Comparisons of High-Spatiotemporal Resolution Air Quality Modeling Systems for Simulating Prescribed Burning at Military Bases in the Southeastern United States

Accurate simulation of prescribed burning is important for the management of fires and air quality in the southeastern United States. We conducted simulations of prescribed burns in Fort Benning and Fort Stewart, Georgia with the BlueSky-CMAQ and WRF-SFIRE modeling systems and compared the results. The accuracy of the simulations is evaluated against the data collected by monitors deployed at the military bases. The effects of the simulated wind field biases are evaluated for both modeling systems.

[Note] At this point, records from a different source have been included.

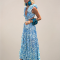 Women’s Plunging V-Neck Ruffled Sleeves Maxi Dress with Cut-Out Waist and High Slit
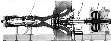Рис. 15. Применение ГТД для прямого привода нагнетателя природного газа: 1 - ГТД; 2 - трансмиссия; 3 - нагнетатель.
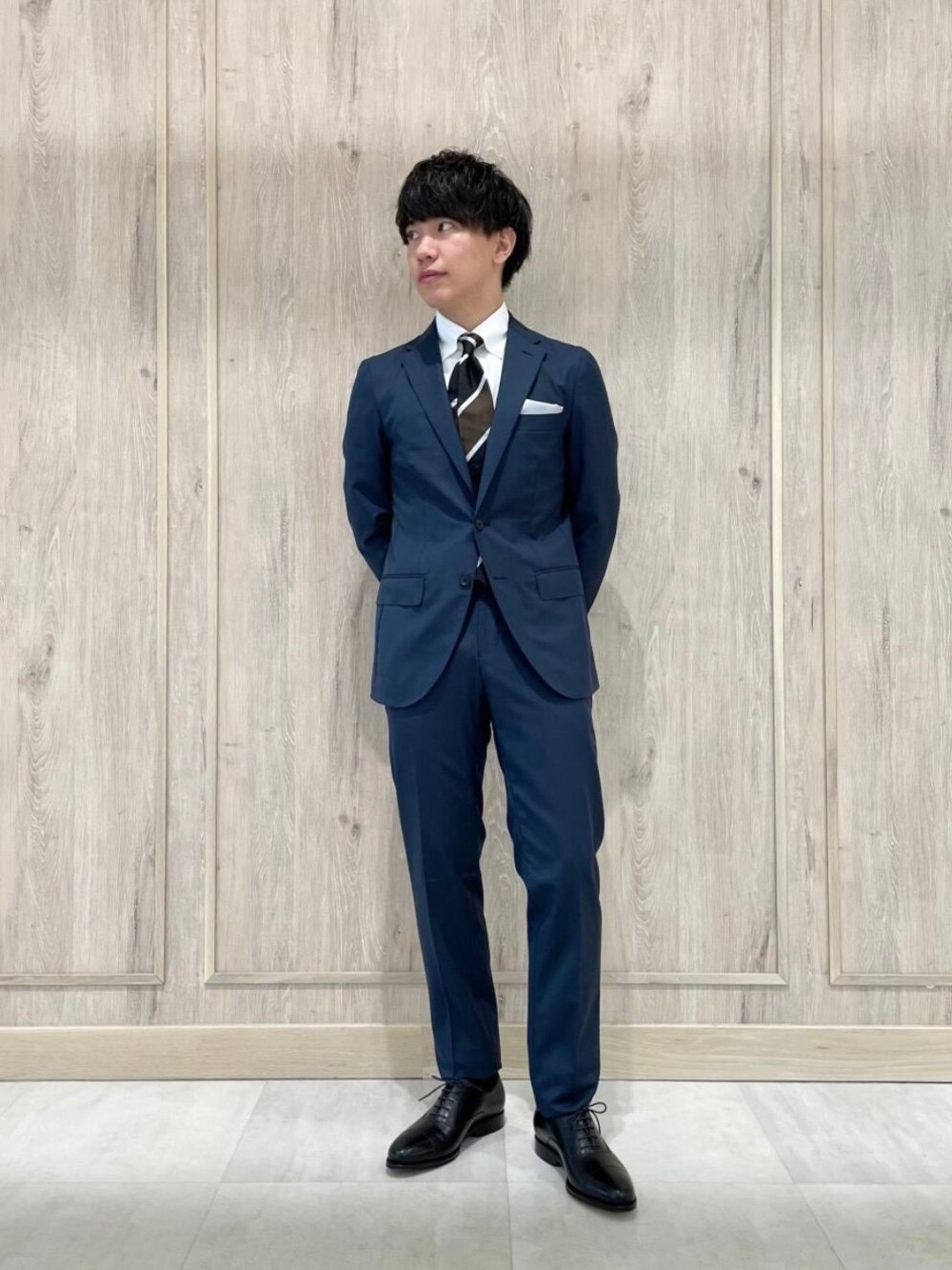 【身長】 167㎝ 【普段サイズ】 トップス:S(44)/ボトムス:S(76)/シューズ:26cm 【サイズ感】 ジャケット:標準的 シャツ:標準的 ボトムス:標準的 シューズ:標準的 【コーディネートポイント】 鮮やかなロイヤルブルーのスーツにシックな色合いのレジメンタルタイを合わせました。 足元は〈Jalan Sriwijaya〉のストレートチップで紳士的な装いにいたしました。
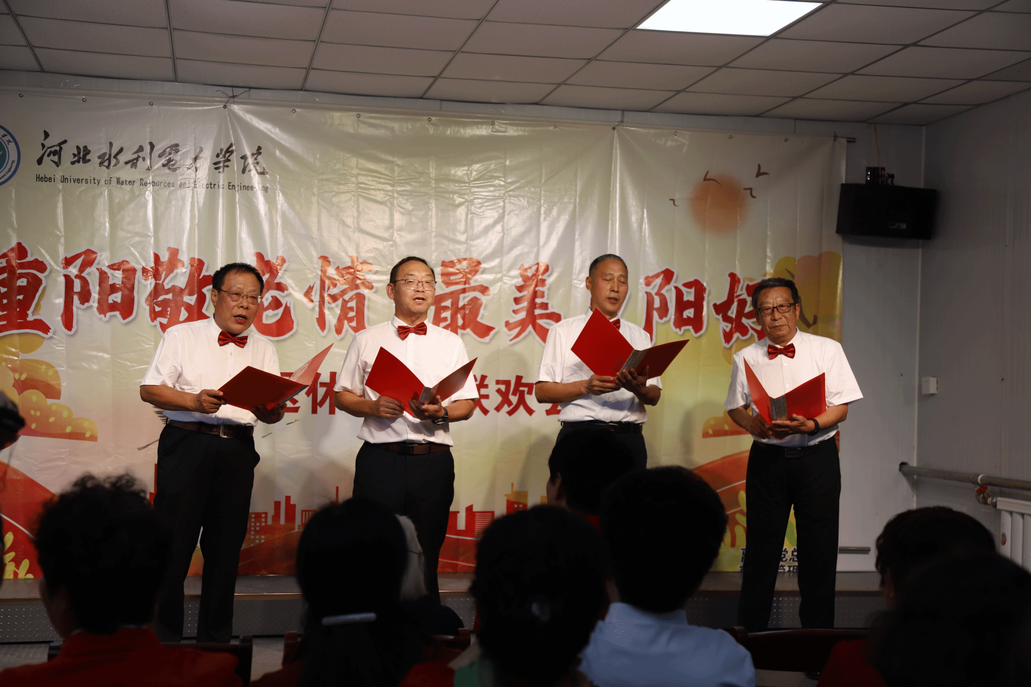联欢会现场气氛热烈,节目表演精彩纷呈:韩杏改老师带来的朗诵《九九重阳》,声音洪亮,情感饱满,让人们在优美的诗句中感受到了重阳节的浓厚氛围;石国香老师的舞蹈《三月桃花开》更是如春风拂面,轻盈的舞姿仿佛将大家带入了一个桃花盛开的美丽世界;刘国民、赵兰庚、王建平、李志勇四位老师的四重唱《啊,朋友再见》,用歌声诠释友谊与岁月的珍贵,赢得了大家阵阵掌声;最后,大家用三首大合唱《歌唱祖国》《我的祖国》《最美不过夕阳红》抒发对祖国的热爱与祝福、表达对美好生活的向往和对晚年生活的热爱,也为本次联欢会画上圆满的句号。
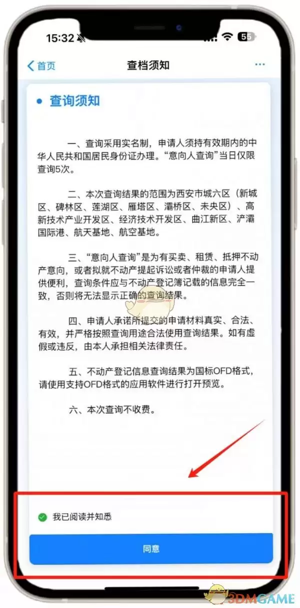 接下来,系统会显示《查询须知》或用户协议,详细说明了查询权限、用途及法律责任。请务必仔细阅读,然后勾选“我已阅读并同意”前方的方框,并点击【同意】或【下一步】按钮。

BlueSky-CMAQ couples the BlueSky framework with the CMAQ regional air quality model. BlueSky estimates the magnitude of emissions by utilizing fuel type, fuel load, fuel moisture, and emission factors. BlueSky also estimates the vertical structure of emissions by the plume rise models it incorporates. The emissions calculated by BlueSky are provided to CMAQ, which uses them and meteorological conditions to predict the contribution of prescribed burning to local and regional air quality. In this work, we preserve the information from BlueSky including emission total mass and emission temporal profiles by utilizing them in CMAQ without the necessity for emission temporal interpolation.

WRF-SFIRE, which is typically used for wildfire simulations, captures the interactions between fire and meteorology by coupling the WRF meteorological model under LES turbulence with models of fuel moisture and fire spread. The fire model estimates fire propagation under real-time meteorological and fuel moisture conditions and has feedback to the local meteorology. The emissions time profile is estimated based on fuel consumption from the fire model results. The vertical structure of smoke is derived from buoyancy generated by the heat released from the fire. For the prescribed burning simulation, we expanded the constraint of ignition lines within WRF-SFIRE and designed ignition patterns to accurately replicate different ignition methods employed in military bases.

In this presentation, we compare the emission magnitude, emission temporal profiles, smoke plume structure, and ground-level concentrations of pollutants between the two modeling systems. Observations of winds and pollutants from monitors in military bases are used to evaluate model performance and to understand critical factors affecting simulation performance. Also, we quantitatively evaluate the impacts of the simulated wind speed and wind direction uncertainties on prescribed burning simulations for both modeling systems. The findings inform future model implementations for studying the prescribed burning impacts on regional air quality.